Pumpkin Spice Lattes and Gingerbread Cookies
The leaves are turning, changing, and falling. Acorns litter the sidewalks and the air smells crisp. The mornings come a little bit later and the evenings a little earlier this time of year. Fog shrouds the mountain that I call home keeping its beauty a secret just for us. Everything this time of year tastes like Pumpkin Spice, it’s finally sweater weather, and boots, infinity scarves, and flannel once again become staples as they make their yearly comeback. Football is back, baseball is ending, and scare crows and Jack-O-Lanterns decorate most doorsteps.
It looks, smells, tastes, feels, like, well…
Let me explain that a little bit. I work with Operation Christmas Child, so Christmas is something of an everyday thing for me. Everyday I see red and green, I pack shoebox gifts, and think about Christmas.
You know how growing up, parents used to tell their kids that if Christmas came everyday, it wouldn’t be special anymore? It was only special because it was confined to a season, one season. Twinkle lights up for more than a few weeks would get tacky, the tree would die and dead pine needles are never fun, and Gingerbread and Peppermint aren’t really great go-to flavors. Quite simply, the magic of the season would very quickly become the mundane.

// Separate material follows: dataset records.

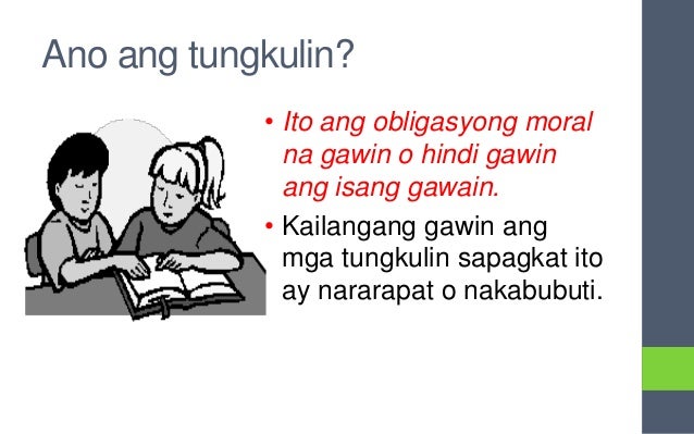 Ang tungkulin ay obligasyong moral ng tao na gawin o hindi gawin ang isang gawin. Alin sa sumusunod ang hindi ibig sabihin nito. Nakasalalay ang tungkulin sa isip.
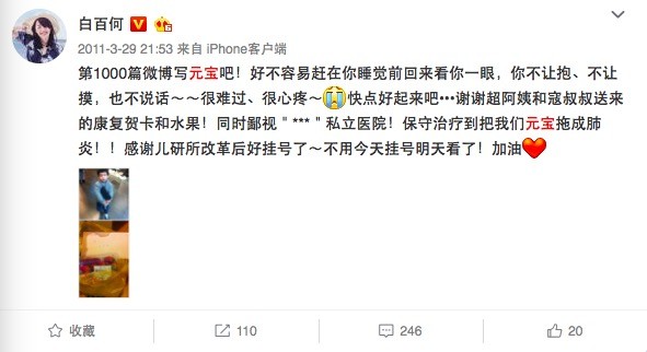 搜索她儿子元宝,大概有247条相关内容,没标“元宝”的晒娃微博更多。阿咩一篇篇地看完,看到一个实在太接地气的妈妈,她没有那么多的育儿经验、养生指南可以分享,分享的都是和普通妈妈一样的快乐与苦恼。开工离家时的难舍难分,儿研所的专家号难挂,工作结束后回家哄睡困难,嘚瑟孩子吃什么都留她一份的专属宠爱,还有那些被孩子教育的感动瞬间。
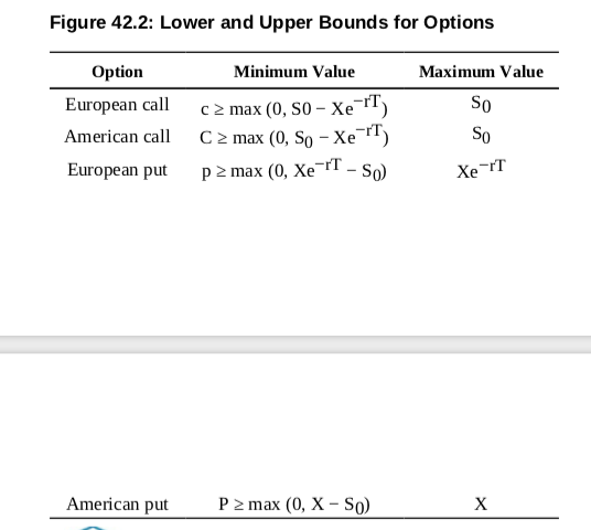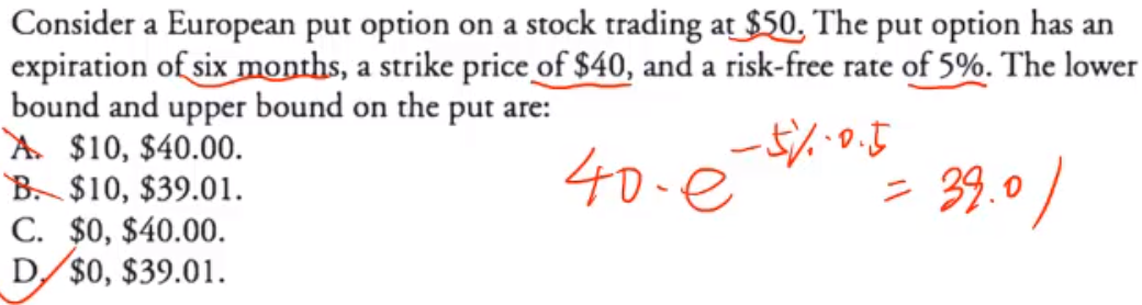 对于put来说,当underlying价格降到0的时候,put价值最高,也就是行权价的现值,即答案中的39.01,而最小值就是不行权,0
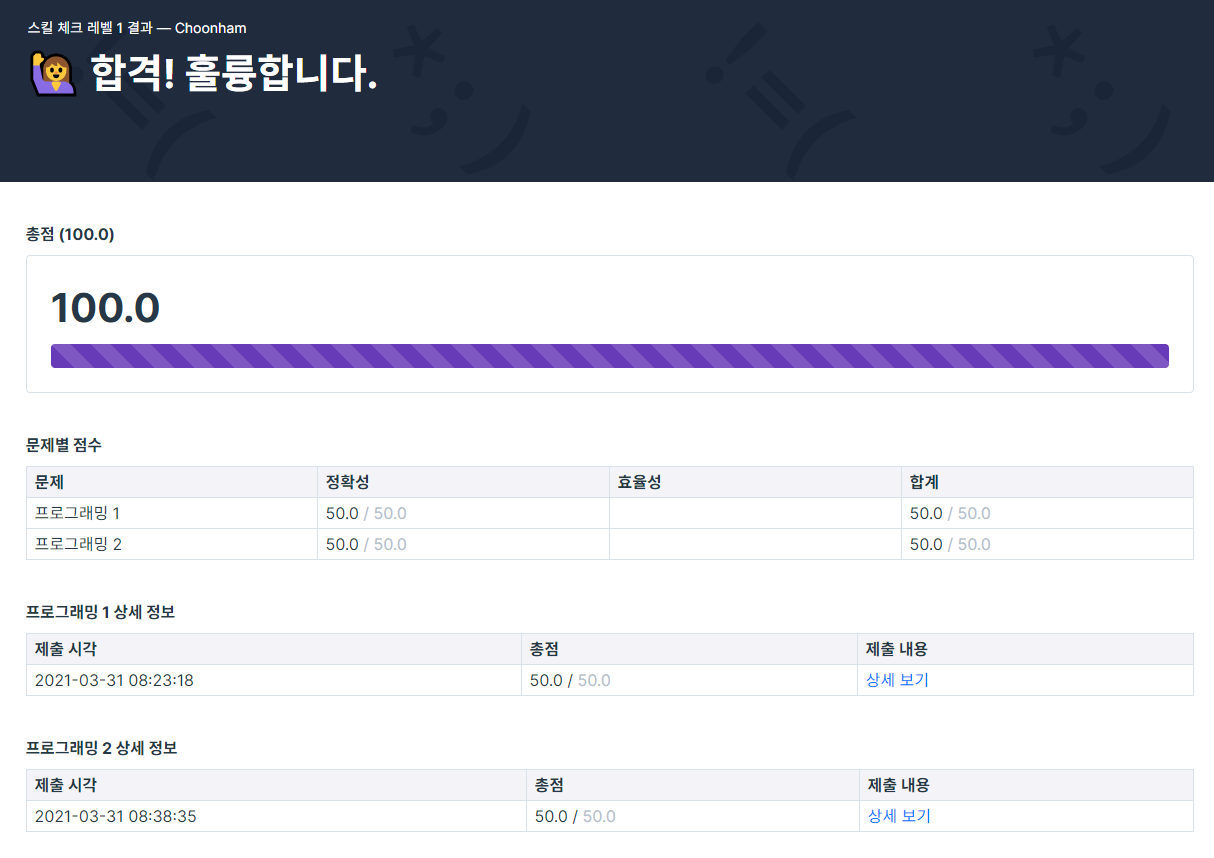 오늘은 Heap의 LV3 문제를 하나 푸려고 프로그래머스에 접속을 했는데, 평소에는 보이지도 않던 실력 체크라는 탭이 눈에 들어왔다. ㅎㅎ... 코테 문제를 풀기 시작한 지 이제 2주 정도 접어들었는데, 내 실력은 어느 수준일까? 한번 확인해보고 싶기도 하고, 괜한 호기심이 생겨서 가볍게 LV1부터 풀어보기로 했다.
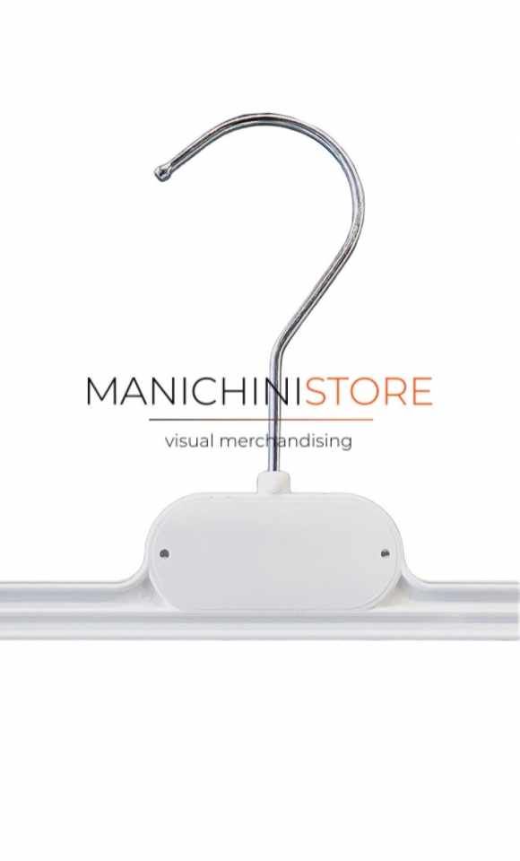 Gruccia appendiabito con pinze realizzata in plastica bianca.
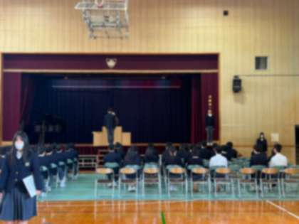1時間目に行った卒業証書の授与の練習をもとに、一人一人壇上に上がり、名前を呼ばれてもらうところまでの流れを練習しました。
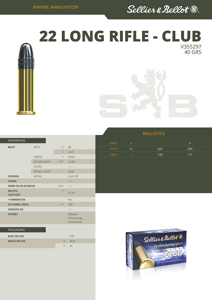 Cartouches Sellier & Bellot Calibre 22 Long Rifle Standard.

Now that I am living in this Christmas everyday reality, I’m realizing, those warnings simply aren’t true.
I think about Christmas every day. But I don’t think about Santa or Rudolph or chimneys or snow. I don’t think about kitchens that smell like sugar cookies or mistletoe or sleigh rides. I don’t think about hot chocolate or ornaments in the shape of bells or holly leaves, and I certainly don’t think about a grinch with a heart three sizes too small or an Island of Misfit Toys or a holiday ham. For the sake of my waistline, those things are best left confined to December.
But the Christmas that I think about, the real Christmas, has none of those things.
Because when I think about Christmas, I think about Creation. I think about a creator God who created light from an eternal darkness just by opening His mouth. I think about six days and all living things under Heaven and it being good. “It was good.”
But then I think about the fall. I think about how the finite created thought that they knew better than the infinite Creator and how they gave up paradise to know evil. The knowledge of good and evil sounded great, until they learned knowing evil meant experiencing evil. I think about self indulgence and overpowering, rotting filth that needed to be washed away by a cleansing flood of righteous judgment. I think about a promise marked by a rainbow of “never again”. I think about promises made and promises kept.
I think about a futile, human attempt to reach Heaven through the construction of a great tower. I think about how this prideful attempt at self deification led to the creation of people groups, of languages, and with it, the need to reach the nations. The need for missions. And how the very first verse of the very next chapter in the story of humanity records God’s sovereign plan for reaching the nations and for bringing them back to himself. And in that, I see an invitation to join Him on His mission.
I think about a long and rich history of sin and forgiveness and rebellion and reconciliation, bookended by a 400 year long captivity in Egypt and a 400 year long silence.
But then, as a newborn’s cry blended with the braying of donkeys and the bleating of sheep, God spoke again. I think about angelic proclamations that go something like this:
“Do not be afraid. I bring you good news that will cause great joy for all the people. Today in the town of David a Savior has been born to you; he is the Messiah, the Lord. This will be a sign to you: You will find a baby wrapped in cloths and lying in a manger… Glory to God in the highest heaven, and on earth peace to those on whom his favor rests.”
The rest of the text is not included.